Cas König: “Het is prettig als je kunt voortbouwen op stabiele fundamenten. Er komt dus zeker geen radicale ommezwaai, maar er zullen wel accentverschuivingen plaatsvinden, vooral ingegeven door de omgeving. Zo komt er meer aandacht voor veiligheid en voor de leefomgeving. Cybercriminaliteit, bijvoorbeeld, was vijf jaar geleden lang niet zo nadrukkelijk aanwezig als nu. Havens kunnen compleet platgelegd worden door cyberaanvallen. We moeten ons ook wapenen tegen drugscriminaliteit, mensensmokkel en terrorisme. Antwerpen en Rotterdam hebben daar fors op ingezet, en dan krijg je toch wat een waterbedeffect, verschuiven de problemen dus een stukje naar hier. We moeten ons ook fysiek beveiligen tegen indringers. Organisaties zoals Code Rood (extreemlinkse activisten die geweld niet schuwen, red.) zijn een nachtmerrie voor elke bedrijfsleider. Tot slot moeten we ook onze kabels, leidingen en andere kritische haveninfrastructuur beveiligen tegen sommige buitenlandse mogendheden. Wellicht zijn we in het nabije verleden te naïef geweest, in die zin dat we dachten dat we vooral veel vrienden rondom ons hadden (monkellach). Natuurlijk bestond er al een veiligheidsbeleid, zowel op wereldniveau met ISPS en per land met een nationale wetgeving. De bedrijven hebben ook individuele veiligheidsplannen en wij monitoren heel het havengebied met radars en camera’s, maar de geopolitieke wereld is ingrijpend veranderd. Twee jaar geleden kenden we zelfs de term ‘schaduwvloot’ (schepen van Russische bedrijven die onder een andere vlag varen om onder een valse naam olie te verkopen en andere clandestiene activiteiten uit te voeren, red.) niet. 
Onze eigen medewerkers worden gescreend en nadien getraind om zich te wapenen tegen externe dreigingen. Ik heb ook deelgenomen en ik kan je vertellen, die training was behoorlijk confronterend, ook al speelden acteurs de bad boys.”

In deze volatiele, geopolitieke tijden spelen havens ook een belangrijke rol binnen defensie. Zijn jullie al gecontacteerd door defensie-instanties?

“Jazeker, op NAVO-niveau is North Sea Port een van de host nation support havens. De toename van militaire conflicten en oorlogsdreigingen vergroot de rol van havens in logistieke militaire operaties. We stellen onze haven dus beschikbaar voor de aan- en afvoer van militaire goederen en mankracht.”

(lees verder onder de foto)

De Nieuwe Sluis zet North Sea Port internationaal op de kaart, maar jammer genoeg staat de betrouwbaarheid binnen de nautische keten onder druk, met de loodsen die in oktober opnieuw staakten.

Naast veiligheid staat ook de leefomgeving nadrukkelijk op jullie nautische radar. Leg uit … 

“Elke haven heeft een grote impact op zijn omgeving. Dat was vroeger ook al zo, maar die omgeving – denk aan buurtbewoners maar evengoed milieu-en natuurorganisaties – vraagt nog meer tijd en inzet van ons. Dat betekent vooral dat we onze omgeving sneller betrekken bij nieuwe initiatieven, opdat iedereen zich ‘voornaam’ voelt. Onze aandeelhouders eisen terecht dat we een duurzame haven zijn en onze logistiek verduurzamen. Dat betekent o.a. meer windturbines en zonneparken, maar dan kom je aan het volgende ‘poortje’: wie wil die in zijn achtertuin?”

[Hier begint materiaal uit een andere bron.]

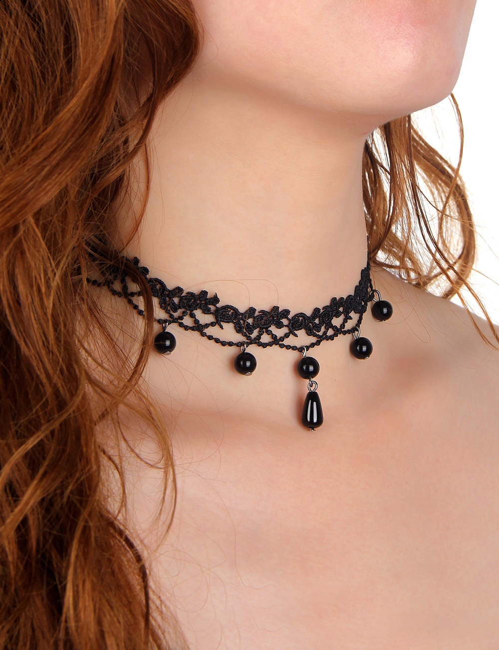 Home > Leg Ring & Gloves > Black Sexy Lace Floral Bead Pendant Necklace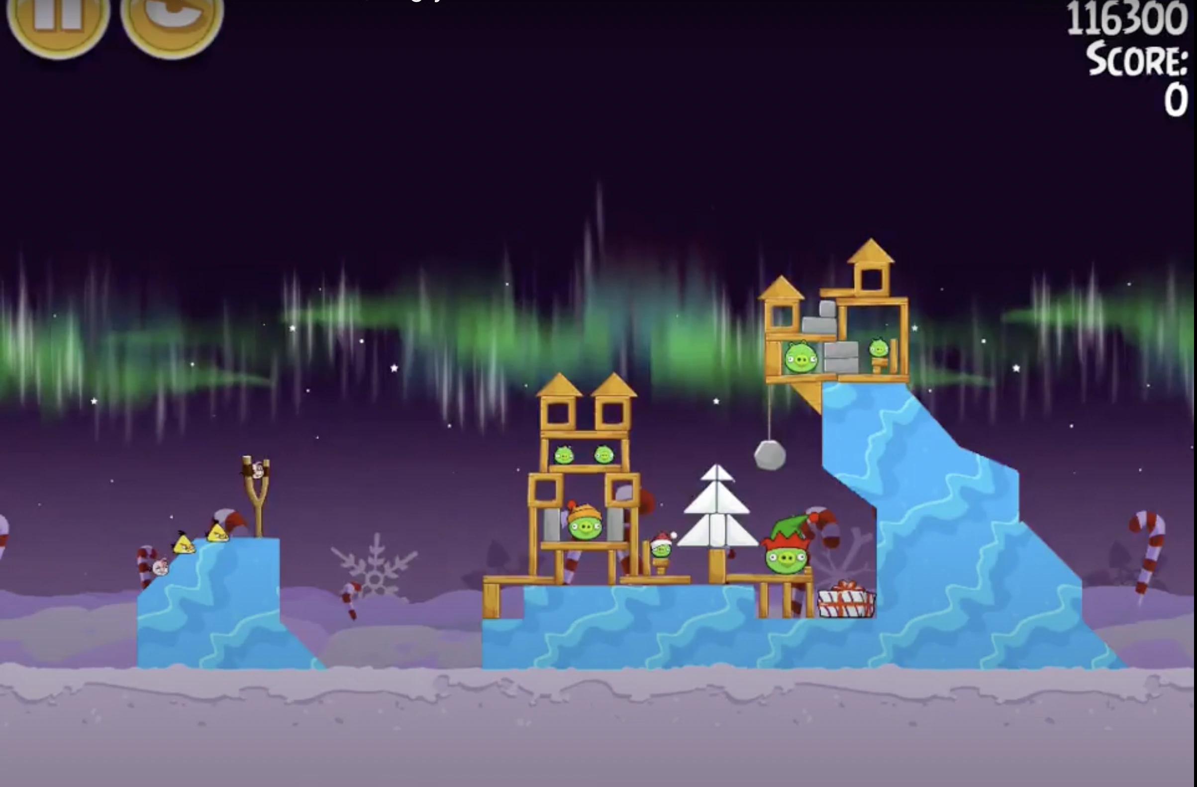 Alternatively, fire Stella straight ahead into the left structure, just above the hollow wooden square. This can cause the entire structure to slip on the ice, falling to the ground. Finish by blasting the triangle in the corner of the top-right structure.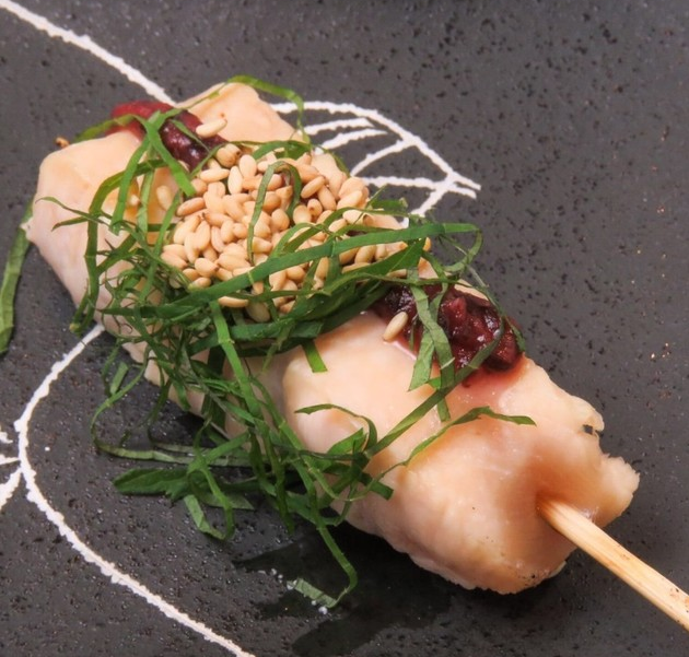 꼬치에 끼워 직화구이 한 연한 닭가슴살에 고추냉이를 얹은 요리.

Heel vaak zijn er inderdaad conflicterende belangen, met ‘leefbaarheid’ als inzet. Daardoor verlopen vergunningen vaak moeilijk en traag, zoals de aanvragen van windturbines op Langerbrugge (gemeente Evergem). Die werden recent goedgekeurd, maar de kans is groot dat een buurtcomité opnieuw bezwaar aantekent. Hoe kijk jij daar naar?

“Eigenlijk moet je investeren in je omgeving in plaats van compenseren. Kijk dus naar wat dit soort initiatieven ook kan opleveren voor wie in de buurt woont. We moeten ervoor zorgen dat niet enkel de lasten aan de omgevingskant en de lusten aan de bedrijfskant liggen. Die verhouding moet altijd redelijk zijn. We hebben natuurlijk ook buffergebieden aangelegd om die haven zo goed mogelijk af te scheiden van de omgeving, waarbij we wel moeten waakzaam zijn dat er nog voldoende ontwikkeling mogelijk is.”

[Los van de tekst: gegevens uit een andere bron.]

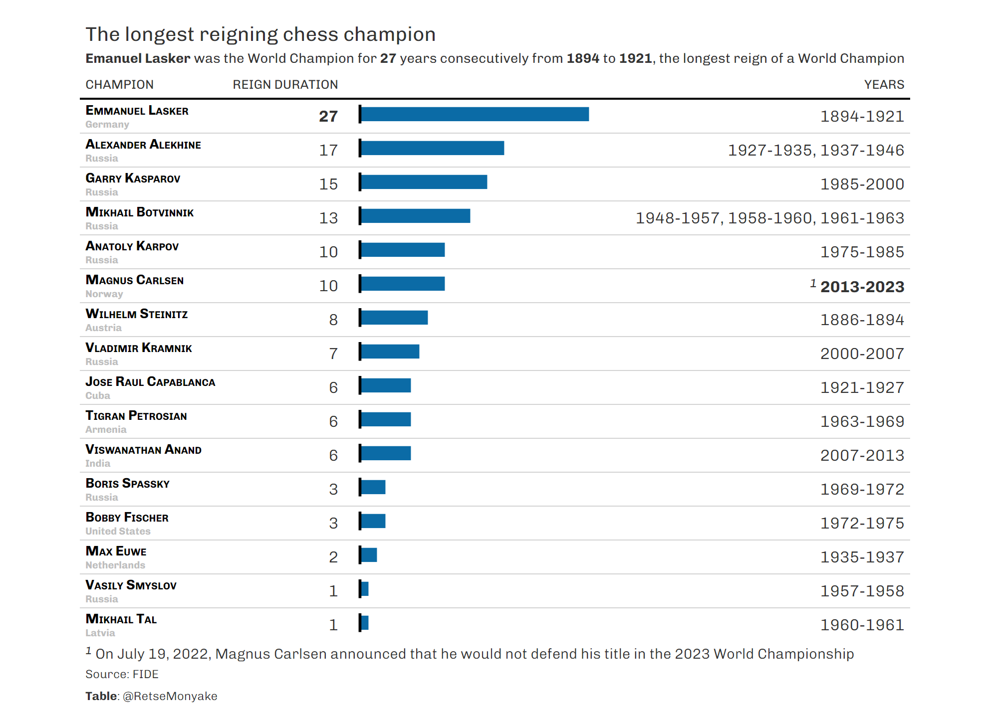 The longest reigning chess champion
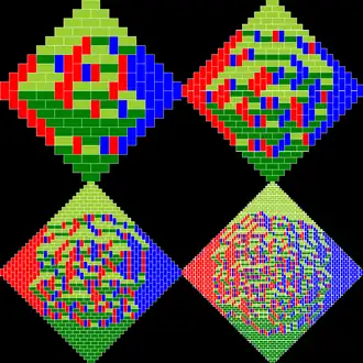 Примеры типичных случайных разбиений ацтекских бриллиантов порядков, 10, 15, 25 и 40, раскрашенных соответственно стандартной нотации плиток. Форма области с хаотичным поведением стремится к вписанному кругу.

Klopt, want planologisch blijft het natuurlijk havengebied. Hoe wil jij de haven verder verduurzamen zonder de economische doelstellingen uit het oog te verliezen?

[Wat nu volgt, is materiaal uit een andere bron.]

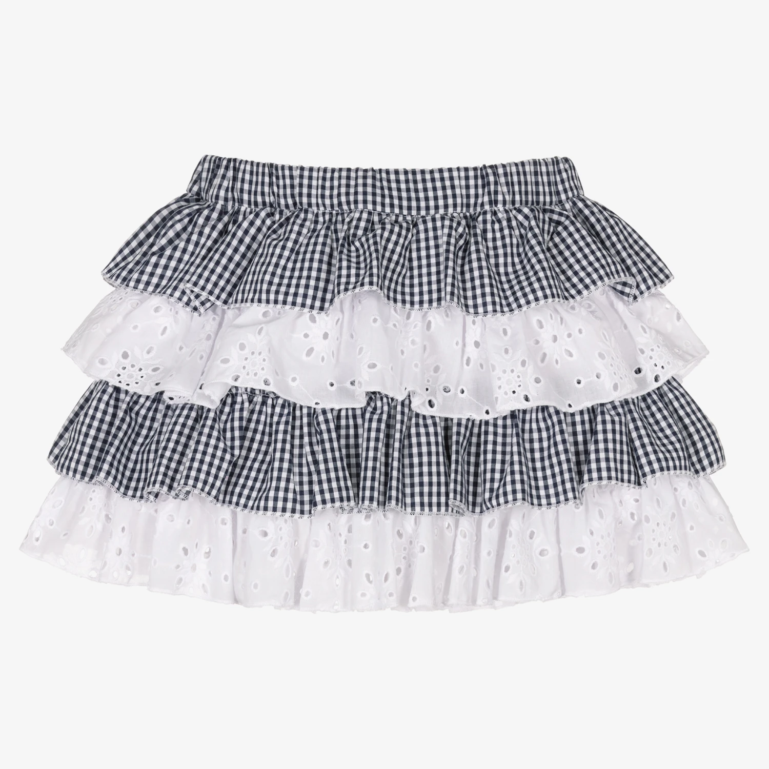Lovely cotton skirt for girls by Selini Action, made in voile with frills of navy blue and white gingham and white cut work voile between. Exclusive to Childrensalon and handmade, it is lined in cotton voile and has a comfortable, elasticated waist, ideal for little tummies. Easy to wear, it simply pulls up.

“Dat is vaak een moeilijk proces. Je moet met alle stakeholders – en zeker ook in samenspraak met onze acht aandeelhouders, vier in Vlaanderen, vier in Nederland –  voortdurend dat gesprek aangaan. Bedrijven krijgen de opdracht om verder te verduurzamen. Elektrificatie ligt voor de hand, en is net iets gemakkelijker dan waterstof produceren of CO2 afvangen. Maar voor die elektrificatie moet er wel voldoende groene stroom beschikbaar zijn. In 2018 zat ik in Nederland namens de noordelijke industrie aan de landelijke tafel om te kijken hoe we de klimaatdoelen van Parijs kunnen halen. Ik zei toen al dat de bedrijven voldoende ideeën hebben om verder te verduurzamen, maar dan moeten de randvoorwaarden – lees: de infrastructuur – op orde zijn. Nu zijn we zeven jaar verder en zie je dat er te weinig capaciteit op het net is. Tegen netbeheerders zeg ik weleens, als ze onzeker zijn of bedrijven wel gaan investeren: ‘Noem me één kabel die jullie aangelegd hebben, die nog nooit gebruikt is’. Zij moeten garanderen dat er stroom is. Zeeuws-Vlaanderen moet een 380 kilovolt (kV) netuitbreiding realiseren om de regio aan te sluiten op het landelijke 380 kV-elektriciteitsnet (nu 150 kilovolt, red.). Ik heb zelf bij een energie-intensief bedrijf gewerkt. Als je aan een bedrijf vraagt om flexibel met stroom om te gaan, moet er een heel goede incentive zijn. Er lopen nu gesprekken in Nederland om aan bedrijven een forse korting te geven als ze bereid zijn om 15 procent van hun tijd niet te produceren. Niet evident.”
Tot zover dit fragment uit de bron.